Pro-Gaddafi radio in Sirte kept up a steady barrage of propaganda broadcasts in a bid to rally his remaining loyalists. "You must die for Gaddafi, you must die for country," the radio exhorted, playing a diet of songs extolling the "great guide," the ousted strongman's official title under the old regime.
Another Sirte resident who asked not to be identified was leaving the city with around 20 relatives.
"NATO has been bombing continuously. The children are scared. We had to leave.
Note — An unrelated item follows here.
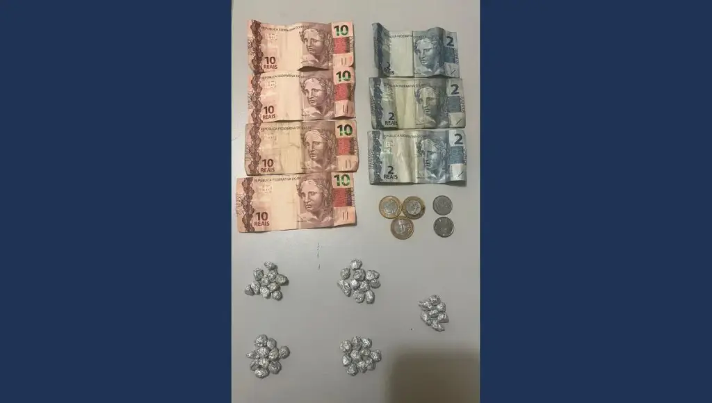 Durante a busca pessoal, os policiais localizaram R$ 50 em dinheiro, entre notas trocadas e moedas, no bolso traseiro da bermuda do abordado. Questionado, o menor confessou que realizava a venda de drogas no local e indicou uma blusa arremessada sobre o muro. Dentro da peça de roupa foram encontradas 17 pedras de substância análoga ao crack.
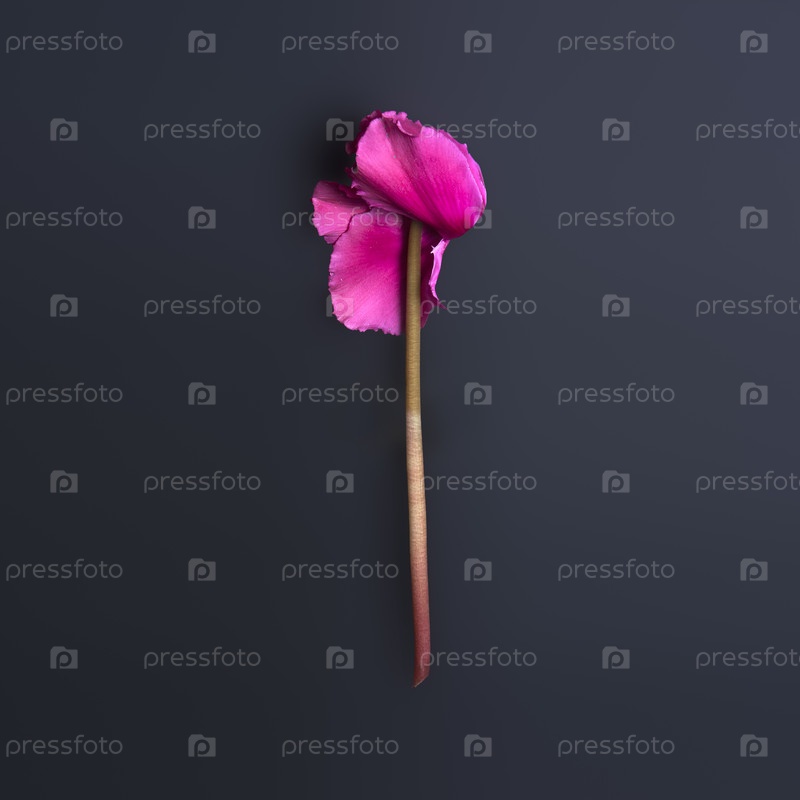 Одинокий розовый цветок цикламена изолирован на черном фоне

There was no option," he said.
The alliance said on Monday that its aircraft had hit a command and control node, three ammunition or vehicle storage facilities, a radar facility, a multiple rocket launcher, a military support vehicle and an artillery piece in Sirte.
The previous day, the alliance blew up 29 armed vehicles, a firing position, two command and control nodes and three ammunition storage facilities in the city.
On Monday morning, commanders reported no fighting on the western side on Sirte but on the eastern side an AFP correspondent heard exchanges in late morning after a convoy of some 150 NTC fighters backed by three artillery pieces entered the city.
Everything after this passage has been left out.